(PROBLEM STATEMENT) The records are to be repeated in full, with the images removed.

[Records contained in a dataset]

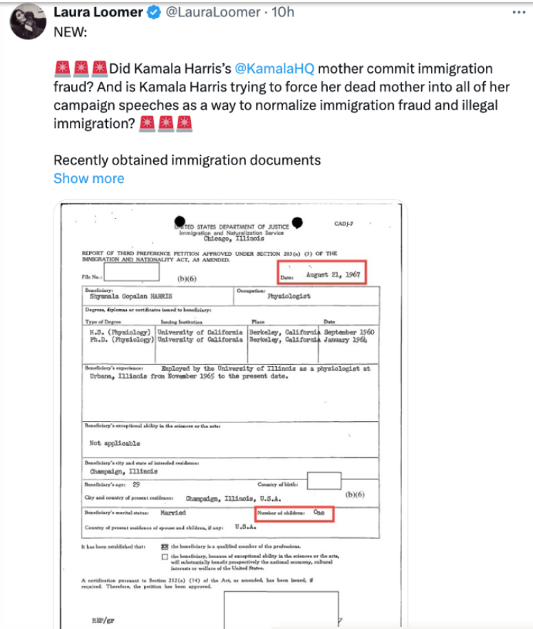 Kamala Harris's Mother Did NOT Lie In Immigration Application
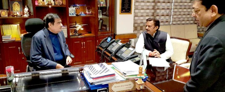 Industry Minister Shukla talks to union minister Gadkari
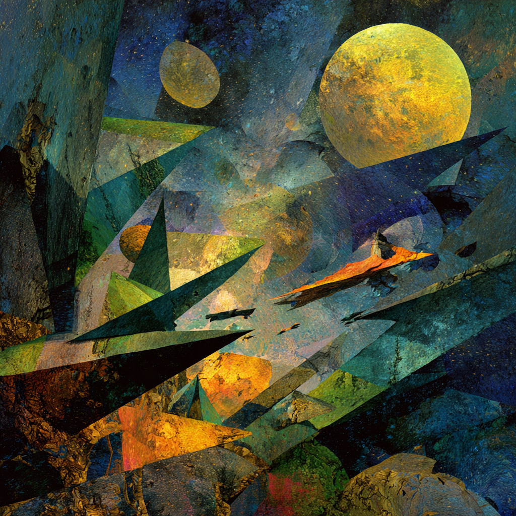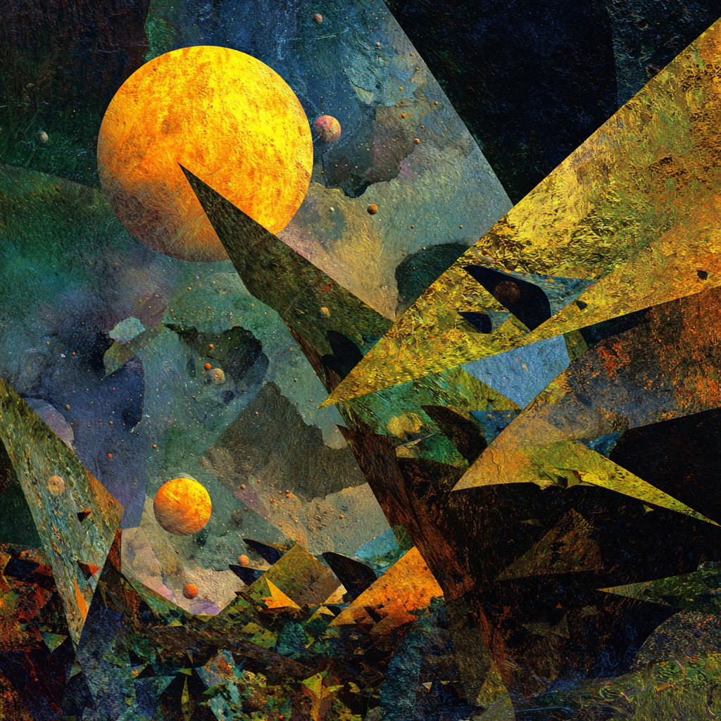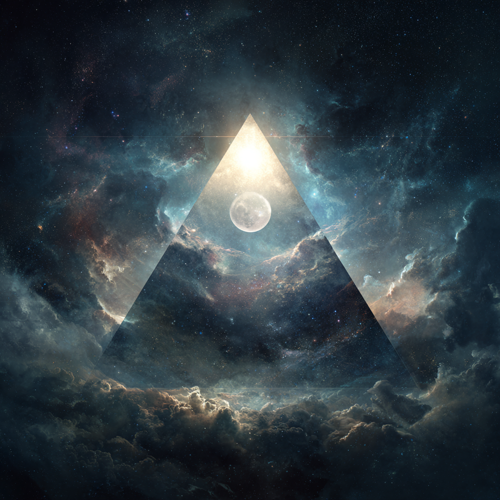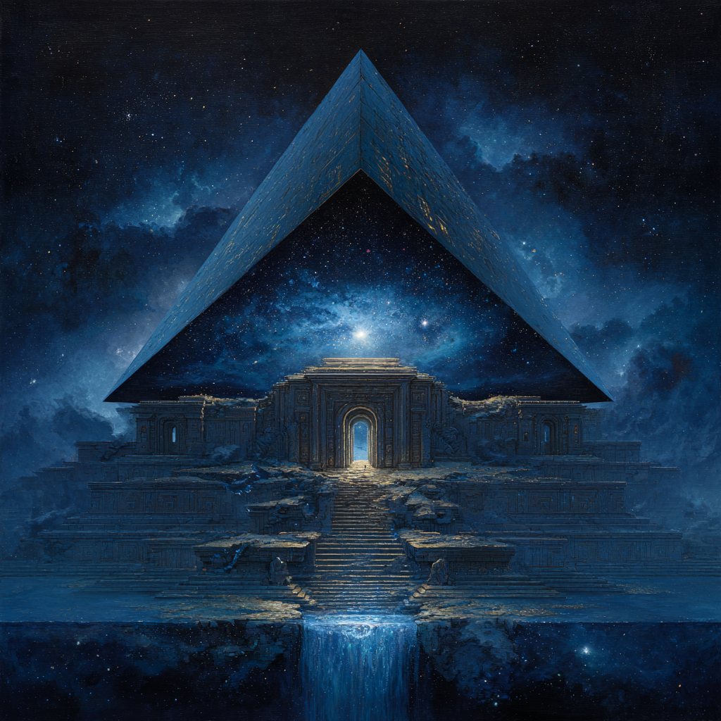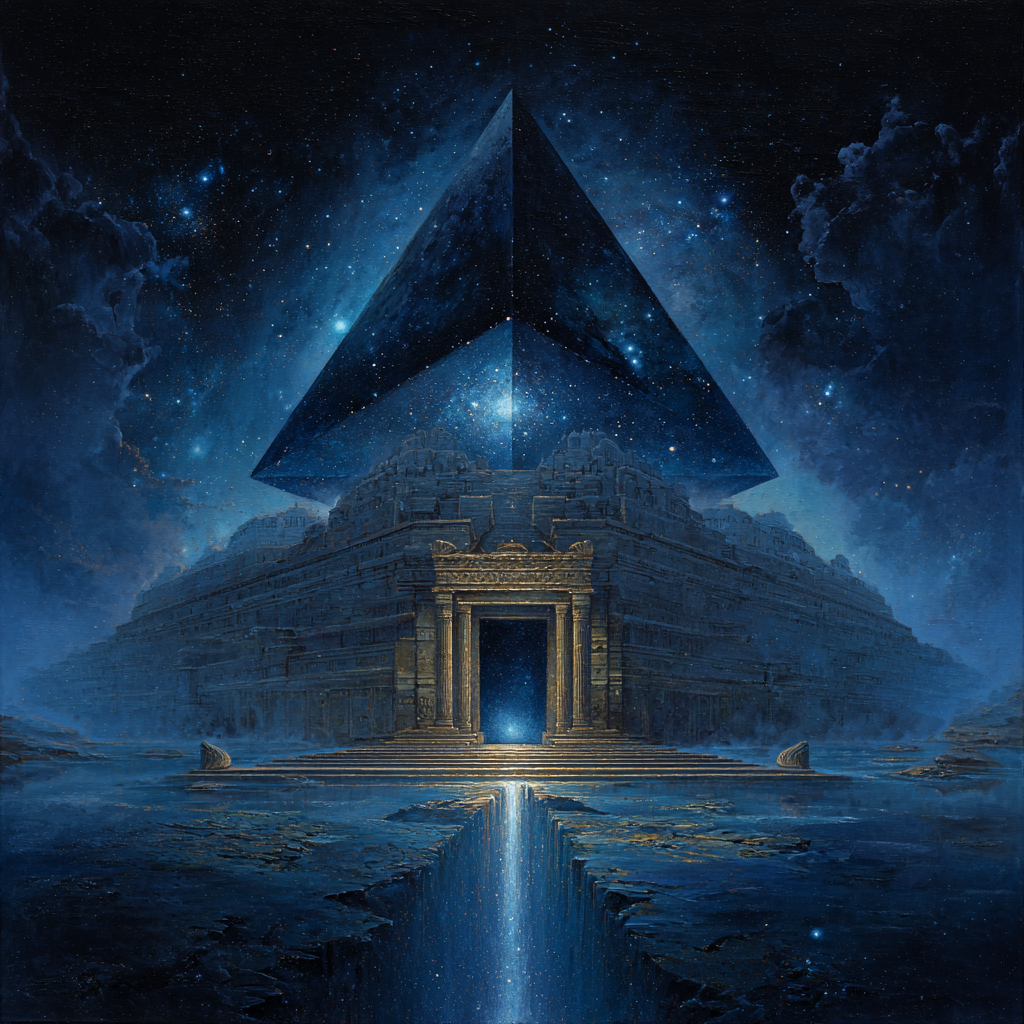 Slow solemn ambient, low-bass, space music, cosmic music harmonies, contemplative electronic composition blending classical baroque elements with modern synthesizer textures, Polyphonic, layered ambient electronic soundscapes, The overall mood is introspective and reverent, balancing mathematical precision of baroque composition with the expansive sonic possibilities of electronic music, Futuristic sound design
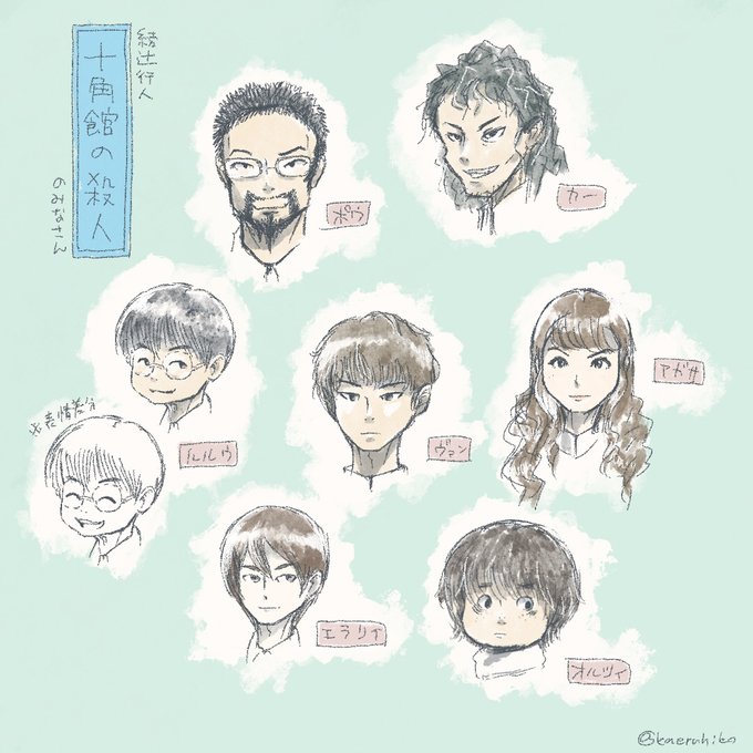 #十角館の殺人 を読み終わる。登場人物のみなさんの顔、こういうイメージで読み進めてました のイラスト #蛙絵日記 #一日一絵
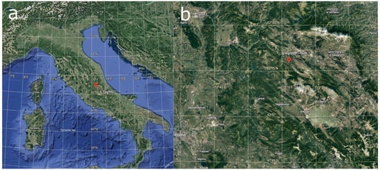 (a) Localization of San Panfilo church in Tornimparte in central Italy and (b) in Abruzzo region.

(RESPONSE TO THIS TASK)
 Kamala Harris's Mother Did NOT Lie In Immigration Application
 Industry Minister Shukla talks to union minister Gadkari
 Slow solemn ambient, low-bass, space music, cosmic music harmonies, contemplative electronic composition blending classical baroque elements with modern synthesizer textures, Polyphonic, layered ambient electronic soundscapes, The overall mood is introspective and reverent, balancing mathematical precision of baroque composition with the expansive sonic possibilities of electronic music, Futuristic sound design
 #十角館の殺人 を読み終わる。登場人物のみなさんの顔、こういうイメージで読み進めてました のイラスト #蛙絵日記 #一日一絵
 (a) Localization of San Panfilo church in Tornimparte in central Italy and (b) in Abruzzo region.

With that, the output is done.